• _Exercise objective_
As the answer, give exactly the lines of the records below from the one with "晚会还穿插了多个趣味互动游戏" through the one with "2025년 여름 새로운", ends included and pictures left out.

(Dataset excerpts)
____________________

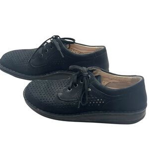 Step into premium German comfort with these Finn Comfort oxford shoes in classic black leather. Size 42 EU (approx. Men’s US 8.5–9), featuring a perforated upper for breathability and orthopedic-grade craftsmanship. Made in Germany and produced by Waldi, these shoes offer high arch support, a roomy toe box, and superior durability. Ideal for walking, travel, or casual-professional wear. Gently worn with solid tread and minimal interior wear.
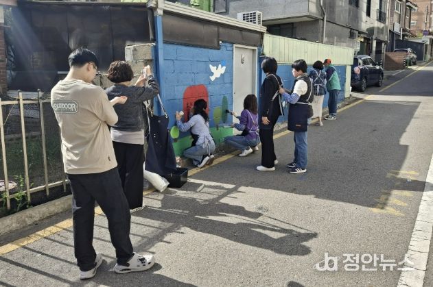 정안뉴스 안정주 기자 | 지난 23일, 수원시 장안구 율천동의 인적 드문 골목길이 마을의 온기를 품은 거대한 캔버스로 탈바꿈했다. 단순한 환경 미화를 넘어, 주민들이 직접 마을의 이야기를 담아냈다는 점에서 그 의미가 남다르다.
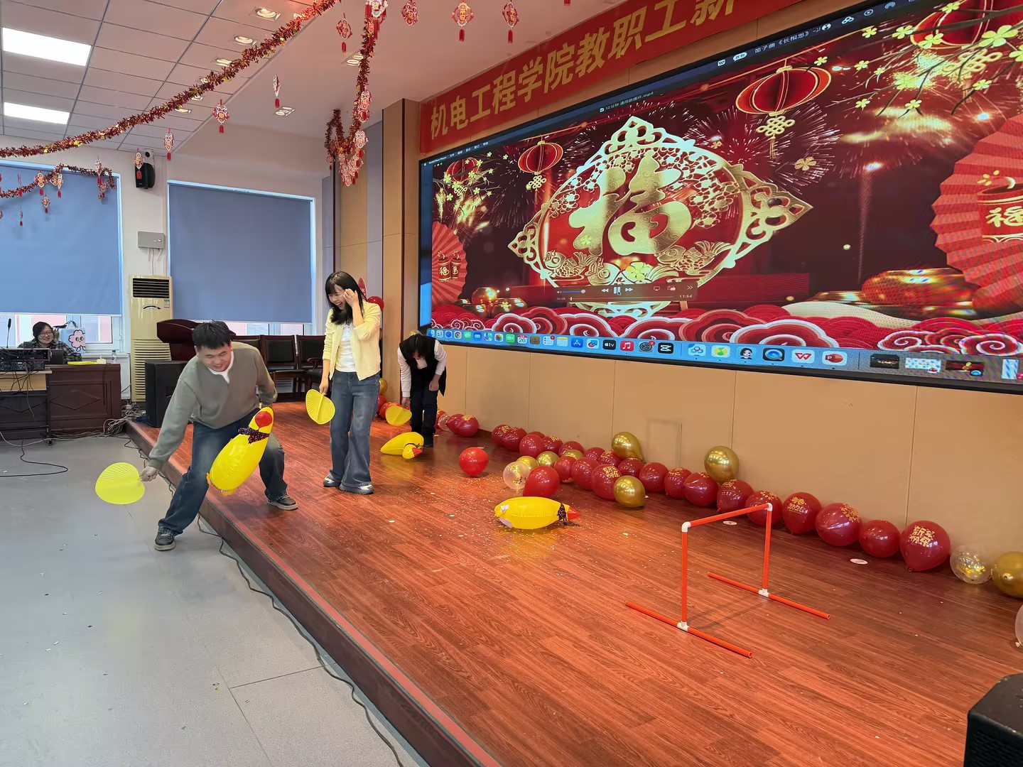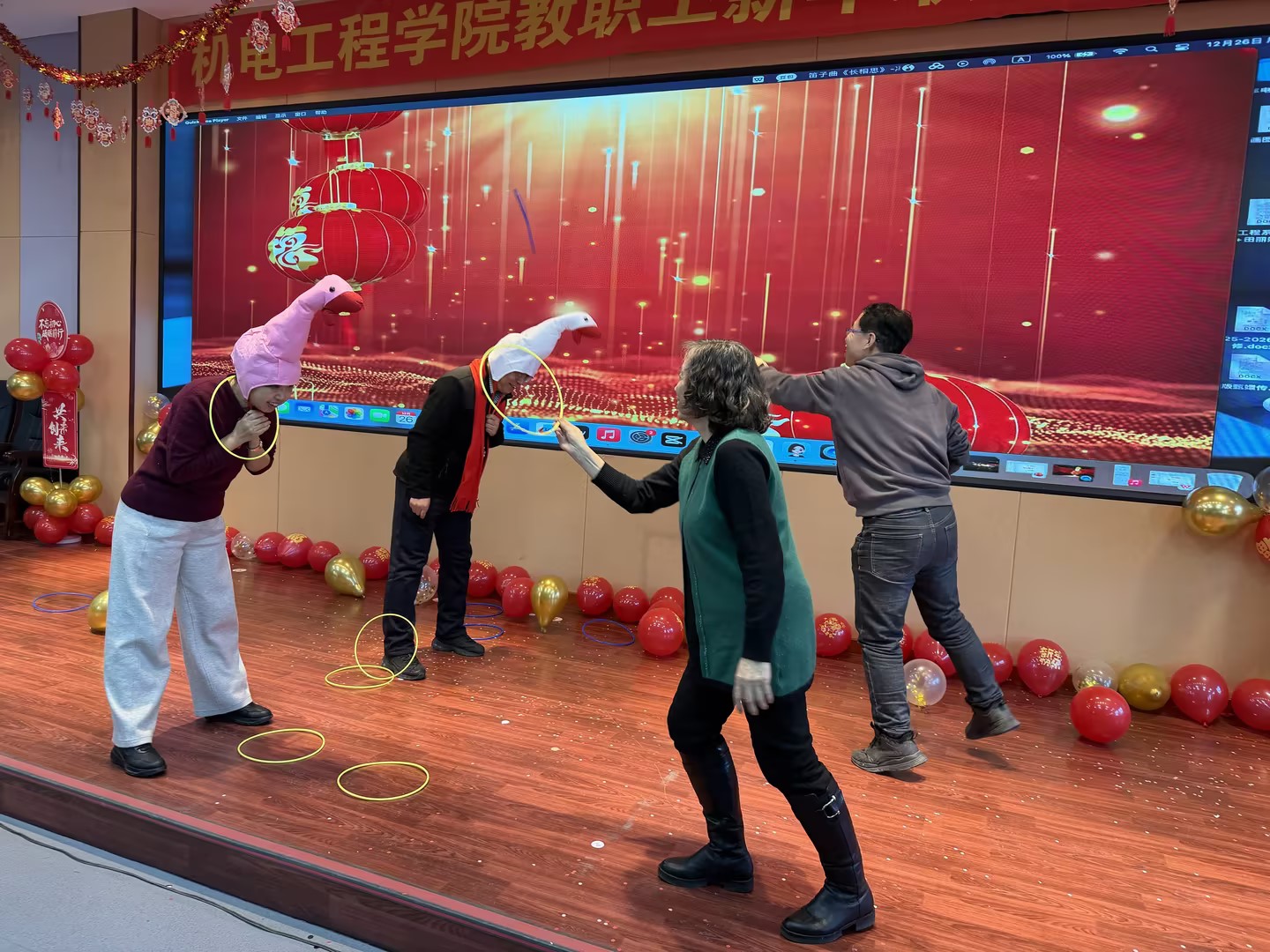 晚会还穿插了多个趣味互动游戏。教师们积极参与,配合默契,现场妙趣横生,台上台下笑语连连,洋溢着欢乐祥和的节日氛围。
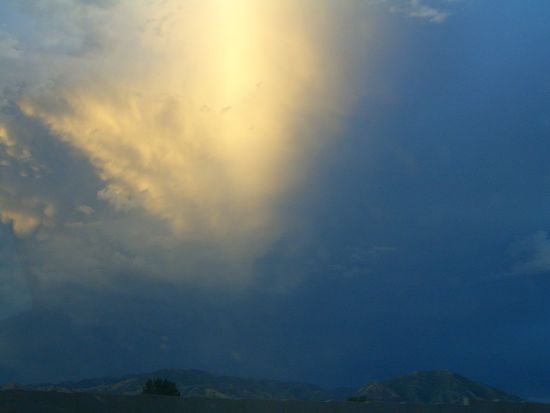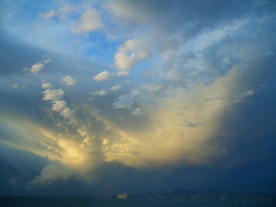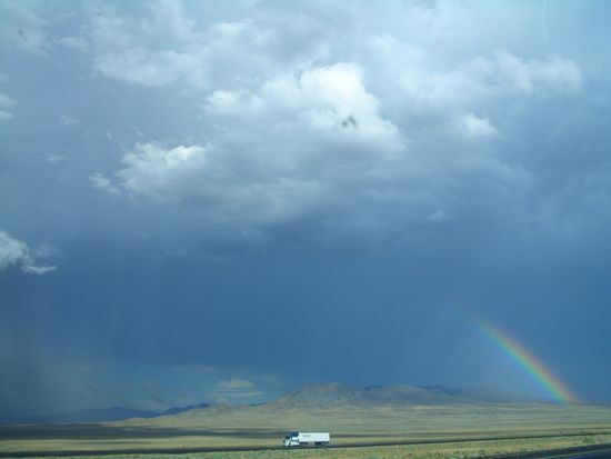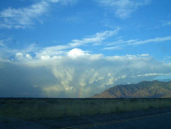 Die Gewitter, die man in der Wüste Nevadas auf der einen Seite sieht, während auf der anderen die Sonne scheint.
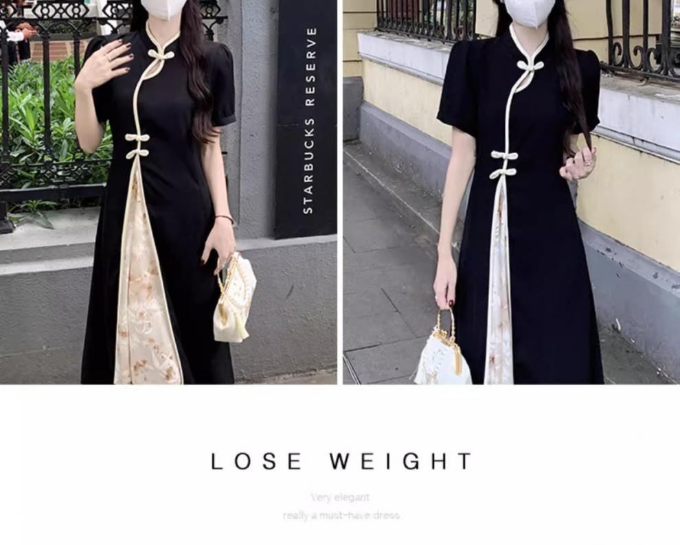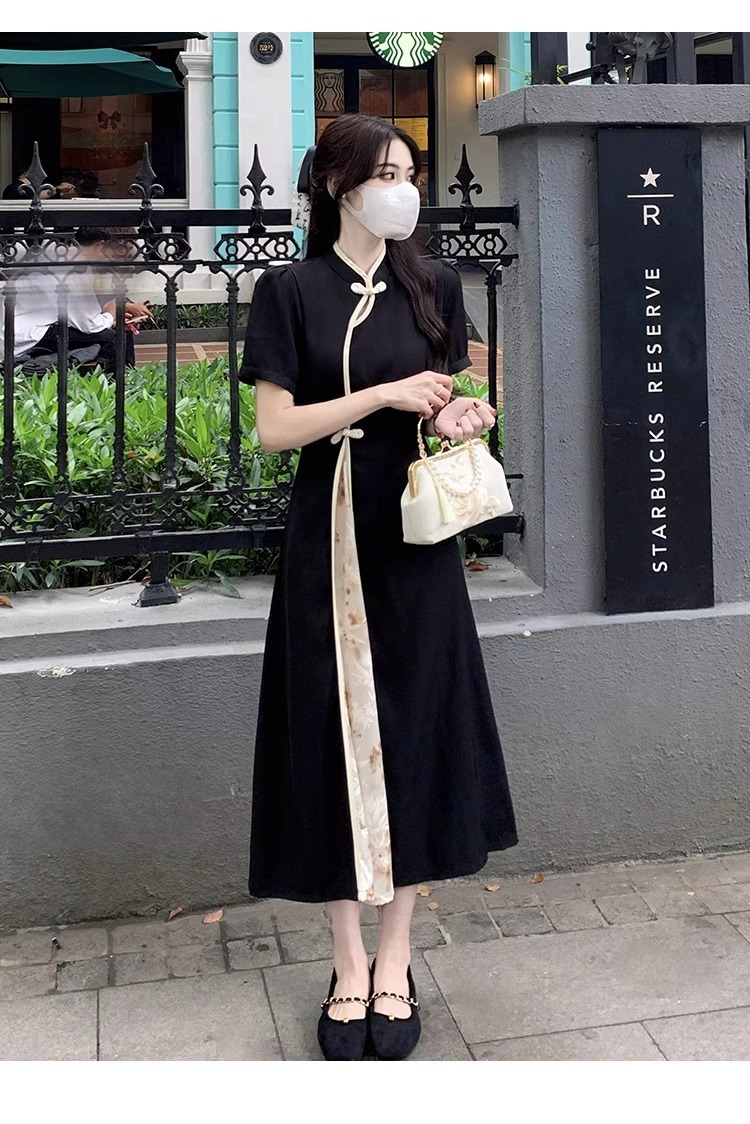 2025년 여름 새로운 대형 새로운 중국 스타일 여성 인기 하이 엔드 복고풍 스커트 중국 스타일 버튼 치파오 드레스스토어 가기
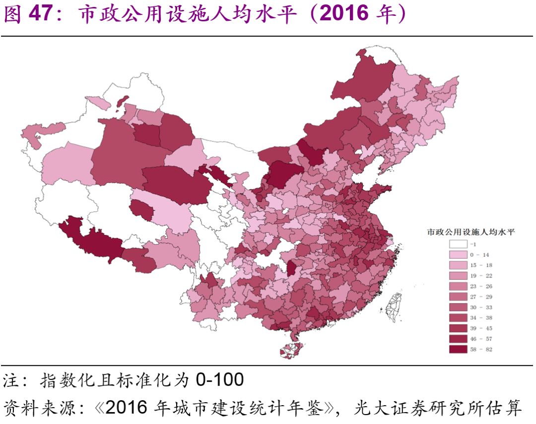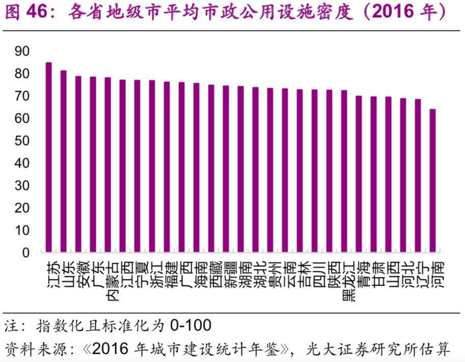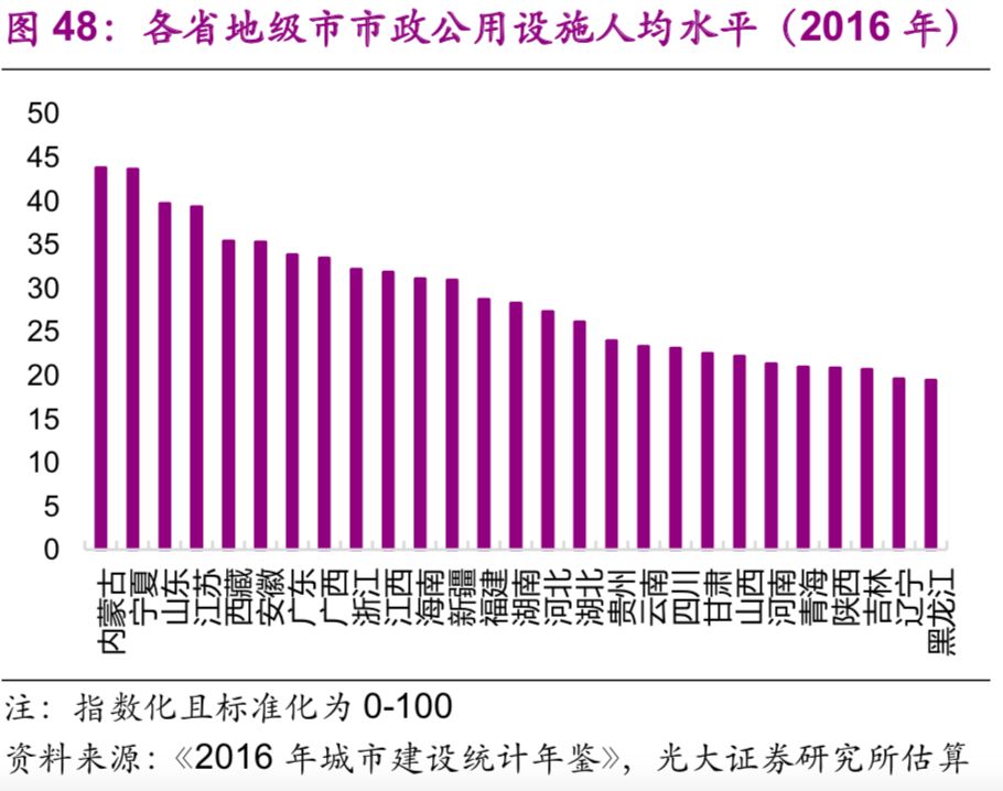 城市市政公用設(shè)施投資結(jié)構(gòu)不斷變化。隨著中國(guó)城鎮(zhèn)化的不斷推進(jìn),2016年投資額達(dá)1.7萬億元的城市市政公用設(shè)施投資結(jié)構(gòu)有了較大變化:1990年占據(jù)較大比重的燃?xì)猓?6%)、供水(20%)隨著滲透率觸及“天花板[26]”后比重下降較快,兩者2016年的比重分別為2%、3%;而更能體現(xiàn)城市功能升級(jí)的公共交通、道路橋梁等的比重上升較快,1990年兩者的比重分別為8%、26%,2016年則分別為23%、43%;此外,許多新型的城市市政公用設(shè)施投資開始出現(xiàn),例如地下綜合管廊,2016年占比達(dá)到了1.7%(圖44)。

____________________

• _Written solution_
 晚会还穿插了多个趣味互动游戏。教师们积极参与,配合默契,现场妙趣横生,台上台下笑语连连,洋溢着欢乐祥和的节日氛围。
 Die Gewitter, die man in der Wüste Nevadas auf der einen Seite sieht, während auf der anderen die Sonne scheint.
 2025년 여름 새로운 대형 새로운 중국 스타일 여성 인기 하이 엔드 복고풍 스커트 중국 스타일 버튼 치파오 드레스스토어 가기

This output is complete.